Assigned task → Nothing but the pictures should be dropped; repeat the rest of the data below exactly.

START Data excerpt

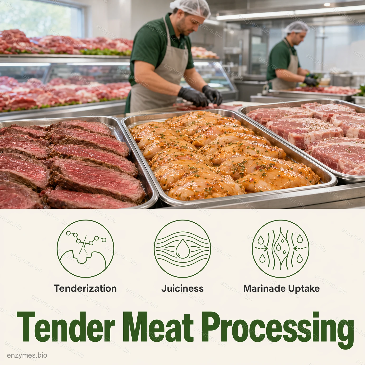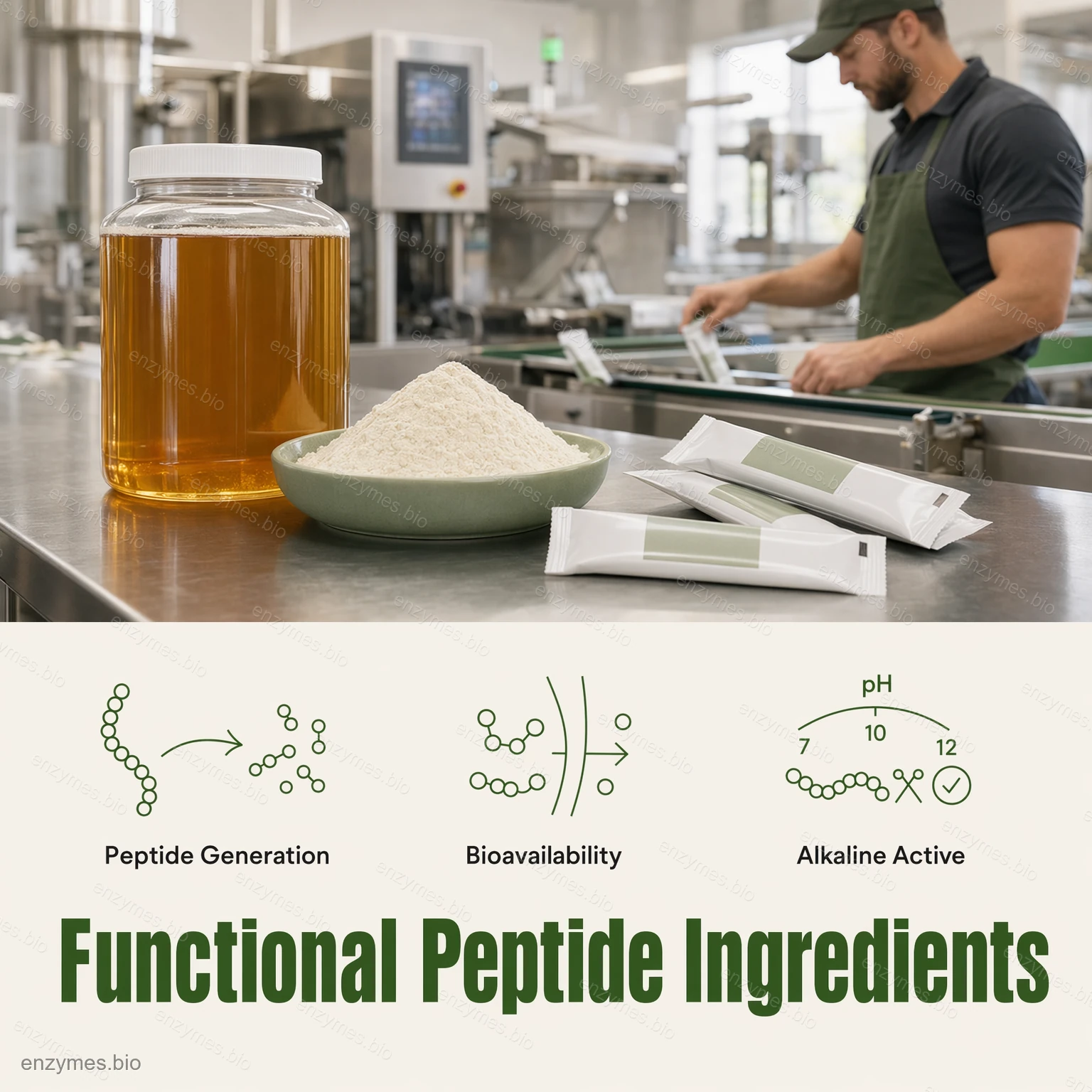 Šis enzīms efektīvi sadala peptīdu saites lielās proteīnu molekulās, sadalot tās mazākās peptīdos un brīvās aminoskābēs. Šis process uzlabo produkta garšu, mīkstumu, palielina mitruma saglabāšanu un ievērojami paaugstina proteīnu kopējo bioloģisko pieejamību un funkcionālo veiktspēju. Tas izskatās kā gaiši dzeltens līdz dzintara krāsas šķidrums ar izcilu šķīdību un stabilitāti, padarot to piemērotu modernām pārtikas pārstrādes vidēm.
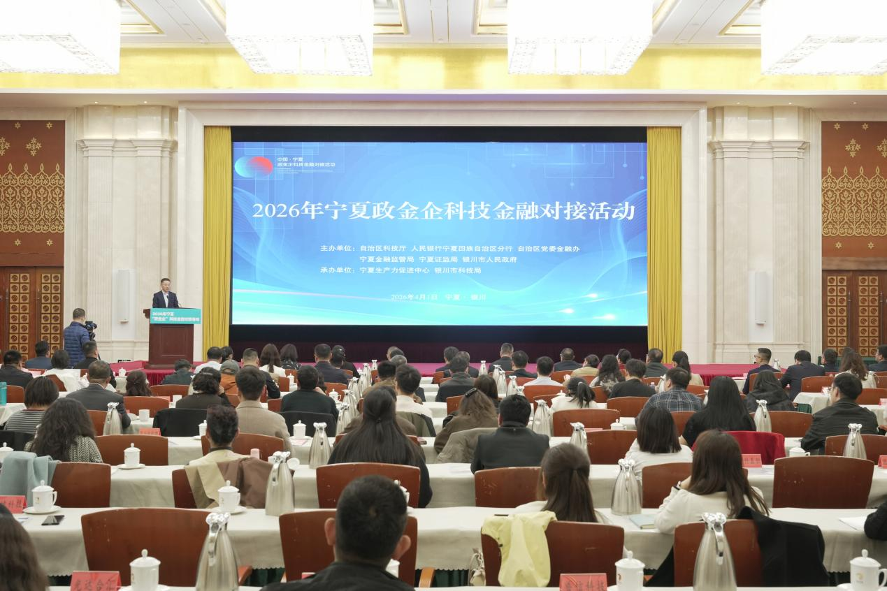 4月1日,由宁夏回族自治区科技厅、人民银行宁夏区分行、自治区党委金融办、宁夏金融监管局、宁夏证监局、银川市人民政府联合主办的2026年宁夏“政金企”科技金融对接活动在银川举办。
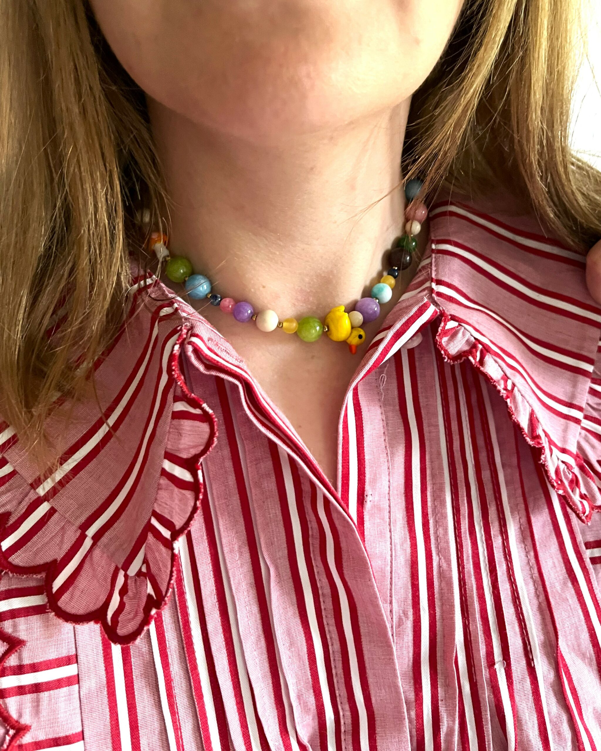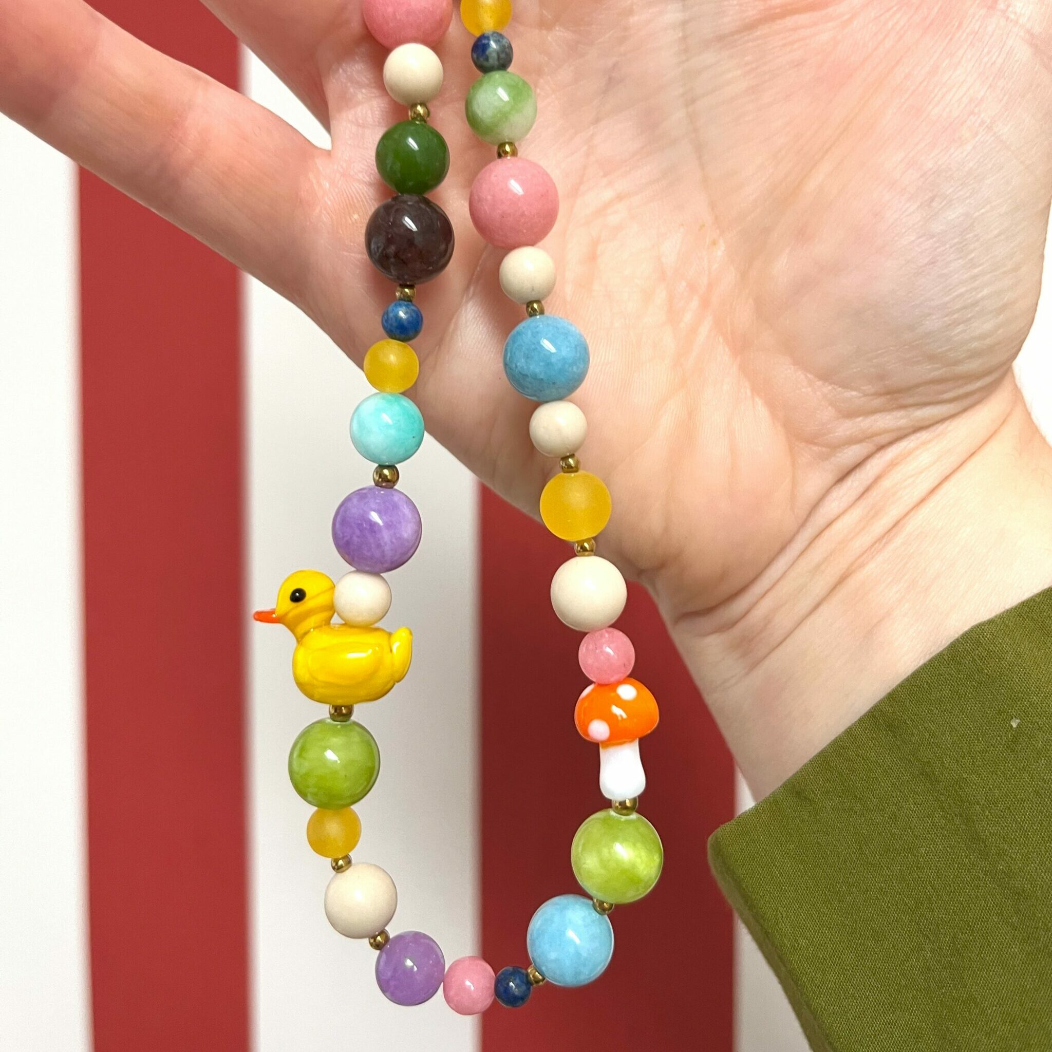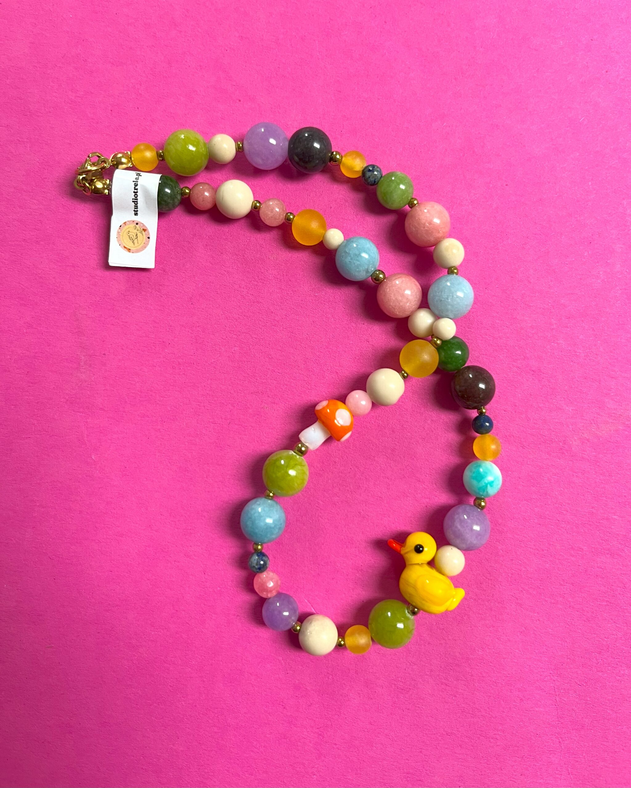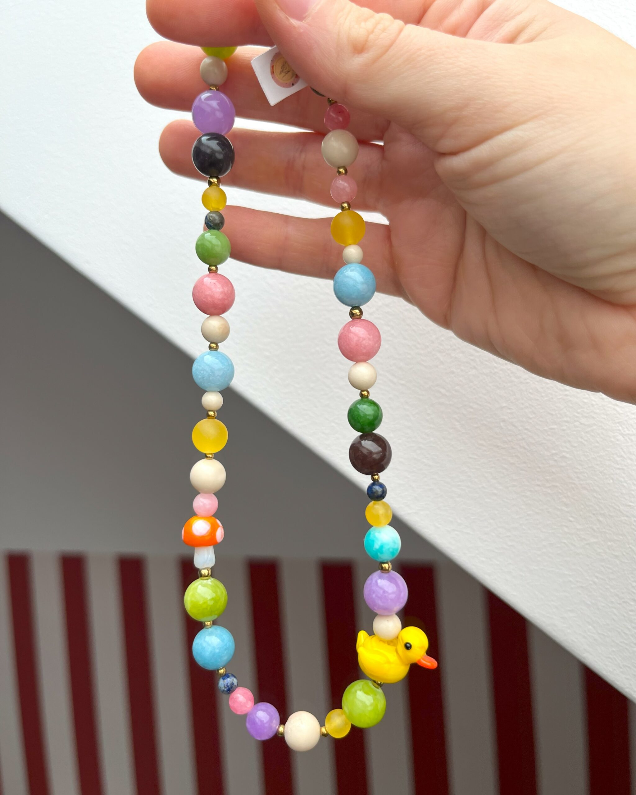Kolorowy naszyjnik z kamieni z twistem w postaci szklanej kaczuszki i grzybka

END Data excerpt

Written response →
 Šis enzīms efektīvi sadala peptīdu saites lielās proteīnu molekulās, sadalot tās mazākās peptīdos un brīvās aminoskābēs. Šis process uzlabo produkta garšu, mīkstumu, palielina mitruma saglabāšanu un ievērojami paaugstina proteīnu kopējo bioloģisko pieejamību un funkcionālo veiktspēju. Tas izskatās kā gaiši dzeltens līdz dzintara krāsas šķidrums ar izcilu šķīdību un stabilitāti, padarot to piemērotu modernām pārtikas pārstrādes vidēm.
 4月1日,由宁夏回族自治区科技厅、人民银行宁夏区分行、自治区党委金融办、宁夏金融监管局、宁夏证监局、银川市人民政府联合主办的2026年宁夏“政金企”科技金融对接活动在银川举办。
Kolorowy naszyjnik z kamieni z twistem w postaci szklanej kaczuszki i grzybka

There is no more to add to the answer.